Why is binomial variance calculated as $p(1-p) / (n -1)$? I had to translate several given statistics equations into code, and I came across this formula:
Variance of a simple random sample $= \frac{p(1-p)}{n-1}$
The sample in question are test letters sent to measure the efficiency of a postal operator. Each letter has a value of 1 if it's delivered on time and a value of 0 otherwise. 
The parameter $n$ is the total number of sent letters. 
The parameter $p$ is the "number of letters delivered on time" and an estimator for the true efficiency. It's defined as the sum of all letter values from 1 to $n$.
I'm not an expert in statistics, but as far as I know the variance is the sum of squared errors from the sample mean divided by $(n-1)$. I couldn't find any explanation for this online. Can anyone explain this formula?
 A: I think it has been pretty much covered by whuber, but I just wish to expand on the use of $n-1$; where it comes from and whether it applies here.
In an ordinary sample variance, many people use an $n-1$ denominator to make the  usual sum-of-squares-based variance estimate unbiased (not everyone prefers unbiasedness to other properties though). This is called Bessel's correction but appears to have been derived by Gauss. A simple derivation is here
Presumably whoever wrote that formula has concluded that the same should be done with the usual variance estimate for a binomial proportion, which is generally estimated as $p(1-p)/n$ (where $p$ is the sample proportion).
Can we see whether the expectation of the usual estimator of variance is the population value?
Take $\pi$ to be the corresponding population proportion. That is, does $\text{E}[p(1-p)/n]=\pi(1-\pi)/n$?
Equivalently, does $\text{E}[p(1-p)]=\pi(1-\pi)$?
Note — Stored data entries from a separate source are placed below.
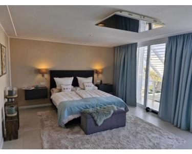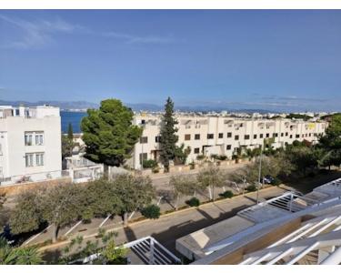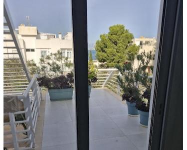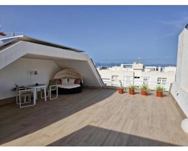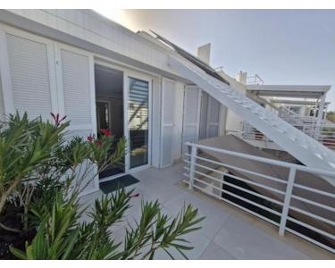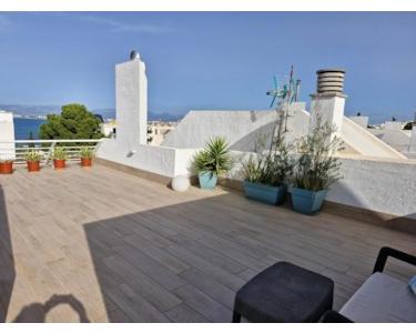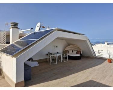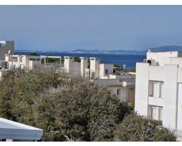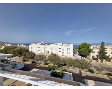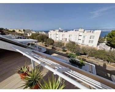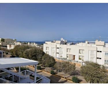 Von der großen Dachterrasse (teils überdacht) auf der 2. Etage sieht man das Meer.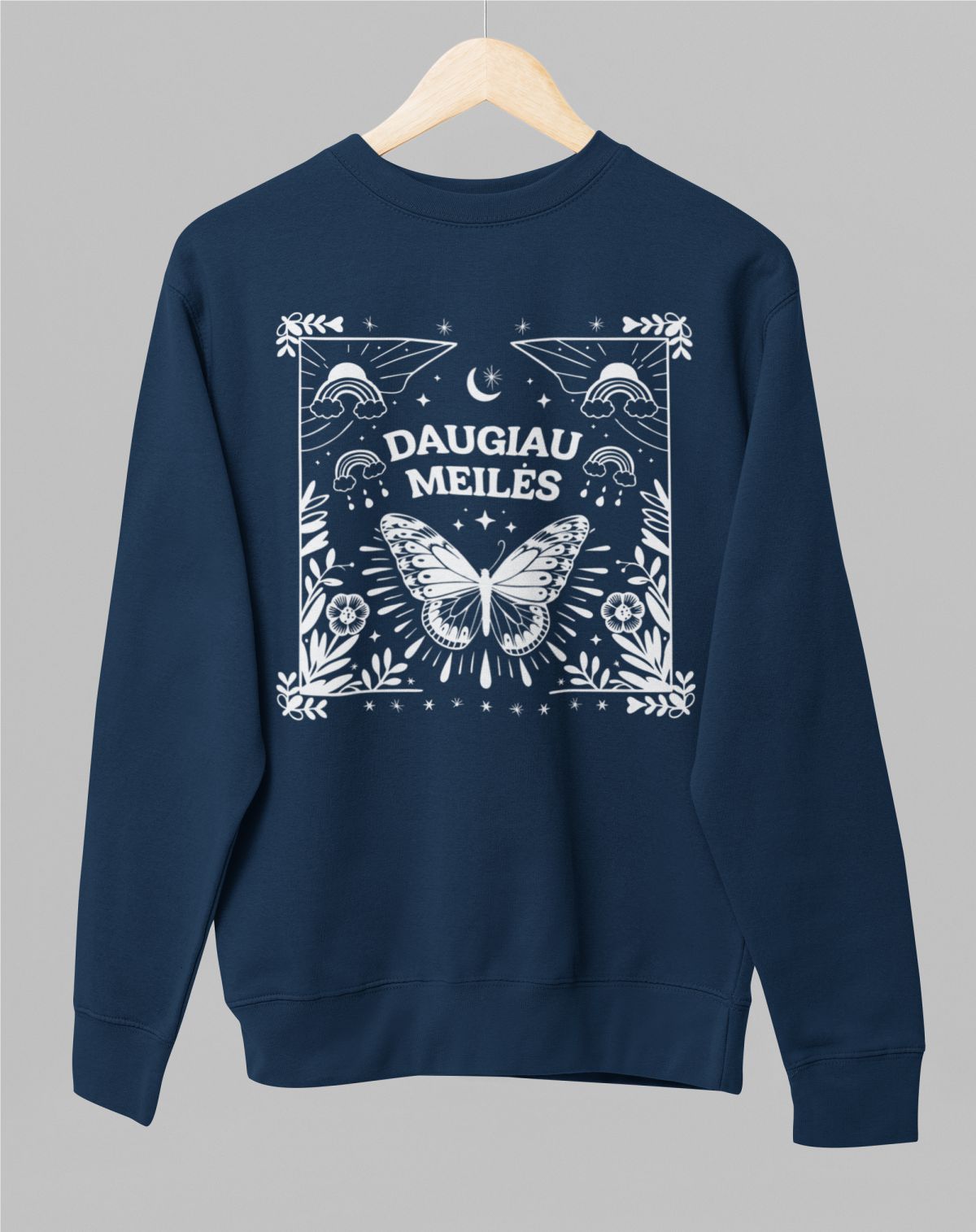 Mėlynas UNISEX džemperis be kapišono "Daugiau meilės visiems"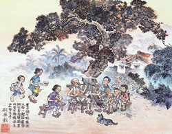 樹下相聚乘涼話家常,是一天中最快樂的時光。大家天南地北的聊著,一邊用蒲扇搧涼兼趕蚊子。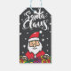 Erleben Sie den festlichen Geist mit diesem verspielten Geschenkschild, das den Weihnachtsmann und seine geschäftigen Elfen zeigt. Die fröhlichen Farben und die fröhliche Bildsprache bringen die Freude und Spannung der Weihnachtsvorbereitungen zum Leben.
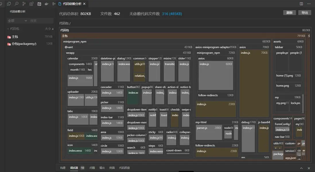 你可以在這裏查看當前項目的分包大小和依賴分析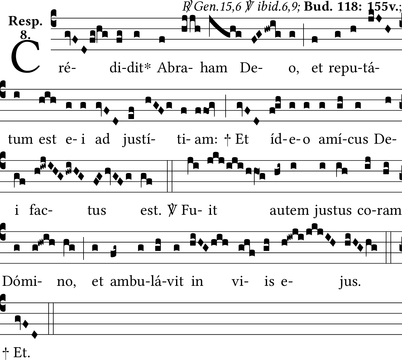 In Sandhofe\'s transcription of this Responsorium, the melody of the response resolves on Fa, which is not typical of Mode 8. Other manuscript traditions (e.g., CH-Fco Ms. 2; D-Mbs Clm 4303) rather show the verse resolving on Sol, which is consistent with Mode 8. Perhaps an early scribal transcription error in Bud. 118: 155v.?
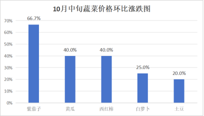 蔬菜价格环比“5升8平”。其中,紫茄子5元/kg、黄瓜7元/kg、西红柿5.6元/kg、白萝卜2元/kg、土豆3.6元/kg,分别较上旬上涨66.7%、40.0%、40.0%、25.0%、20.0%;

Note that if $X$ is the observed count, $p = X/n$, where under the usual sampling assumptions, $X\sim \text{binomial}(n,\pi)$.
\begin{eqnarray}
\text{E}[p(1-p)] &=& 1/n^2 {E}(X(n-X))\\
&=& 1/n^2 (nEX - EX^2) \\
&=& 1/n^2 (n^2\pi - n\pi(1-\pi) - n^2\pi^2 )\\
&=& 1/n^2 (n^2\pi - n\pi +n\pi^2 - n^2\pi^2 )\\
&=& 1/n^2 \cdot n\pi(n - 1 +\pi - n\pi )\\
&=& 1/n^2 \cdot n\pi(n - 1)(1-\pi)\\
&=& \frac{n-1}{n} \pi (1-\pi)
\end{eqnarray}
Hence $\text{E}[p(1-p)/(n-1)]=\pi (1-\pi)/n$
It looks like (assuming I made no errors) it is the case here too - that the usual estimator of the variance of the proportion is biased, and may be unbiased by multiplying the typical estimator by $\frac{n}{n-1}$.
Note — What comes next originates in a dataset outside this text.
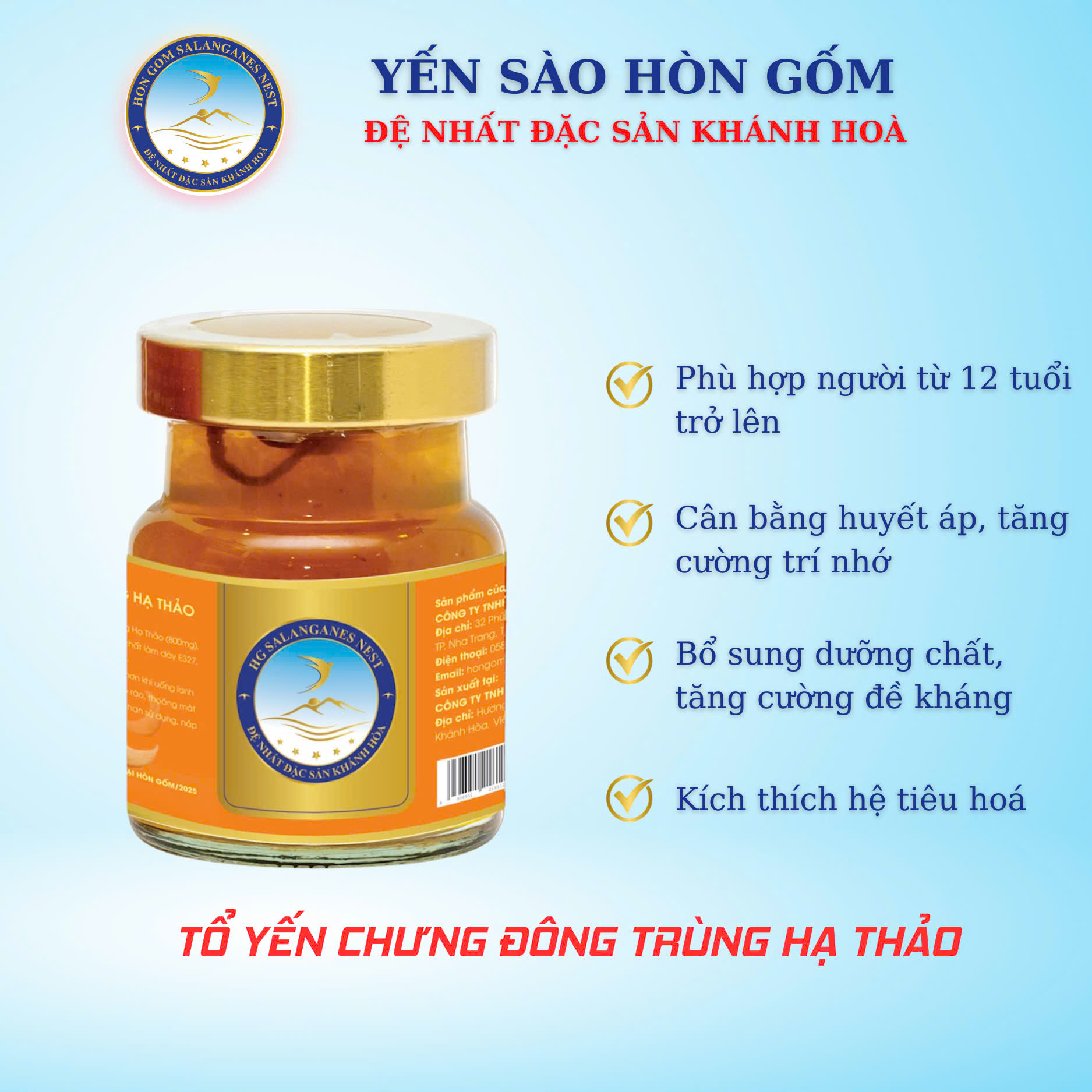 Nước Yến Sào Đông Trùng Hạ Thảo Yến Sào Hòn Gốm Khánh Hòa - Sản phẩm đạt Top 10 Giải thưởng Sao Vàng Thương Hiệu Quốc Gia 2024

(Edit: In retrospect this is obvious; one simply need apply the ordinary bias calculation for a sample variance to a sample of 0's and 1's)
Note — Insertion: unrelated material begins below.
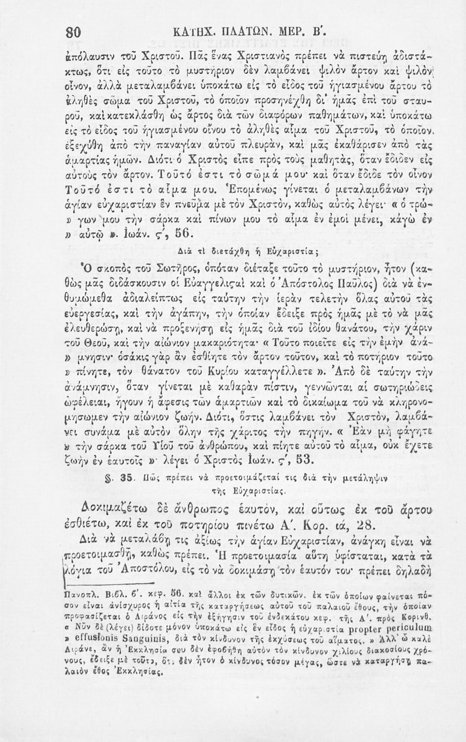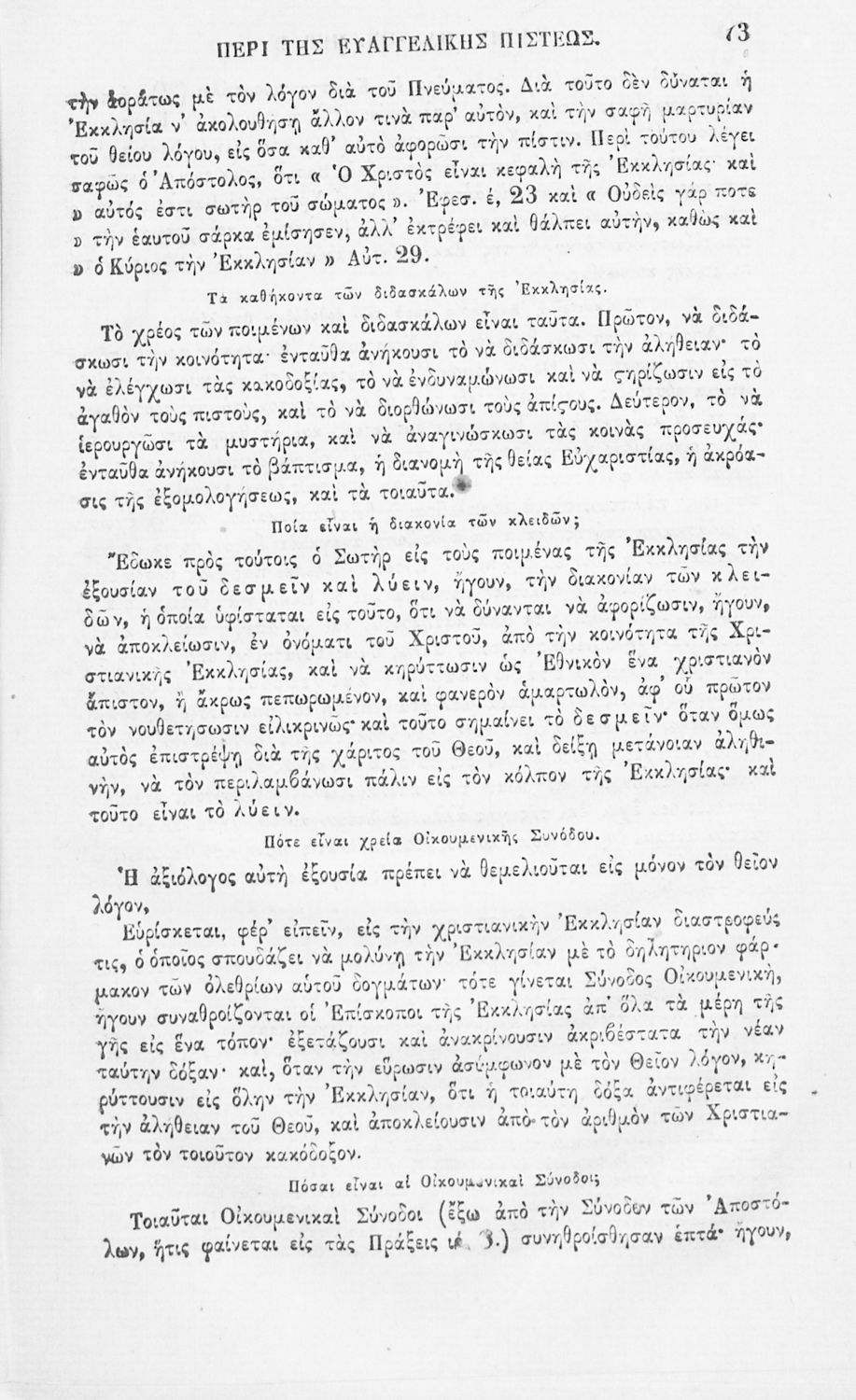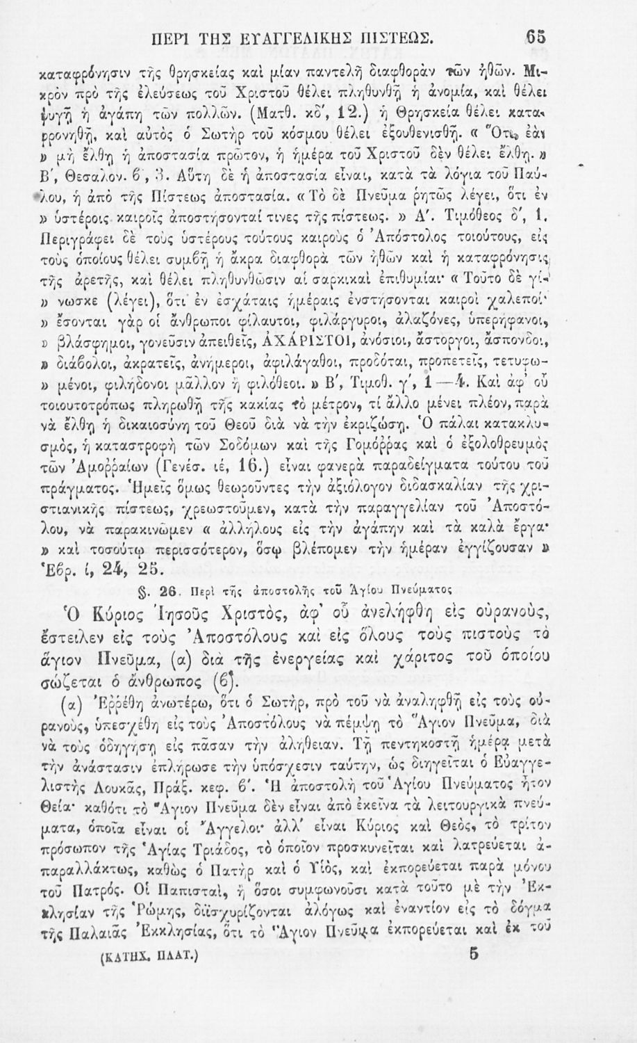 Μάθημα: Θρησκευτικά Γλώσσα: Απλή καθαρεύουσα Παρουσίαση περιεχομένου: Παιδαγωγικό βοήθημα για το μάθημα των Θρησκευτικών. Αναφέρεται στην θεία πίστη, στην ευαγγελική πίστη, στο θείο νόμο και στα μυστήρια. Αποτελεί εισαγωγή στη Θεολογία. |

Which means it appears that the formula you have has been chosen to give an unbiased estimate.
(I wonder why people seem happy to use a biased variance estimate for binomials when there's such an insistence on using an unbiased one in other situations. I have no good answer for that; I'll continue using biased estimators whenever it makes sense to me, which seems to be rather more often than most people do.)
A: Regarding the subquestion on why divide by (n-1) instead of n?
I've lost my reference, but the legend that comes down to me tells that the inventor of the (n-1) divisor thought it absurd to calculate the variance for a population having a single member. Dividing by (n-1) where n=1 produces an imponderable undefined condition, preventing the absurdity. 
Clearly, it hardly matters at all in practice. The irreverent might argue that it's more trouble than it's worth.
(Now, who was it that invented the (n-1) divisor? Or should I say "whom"?)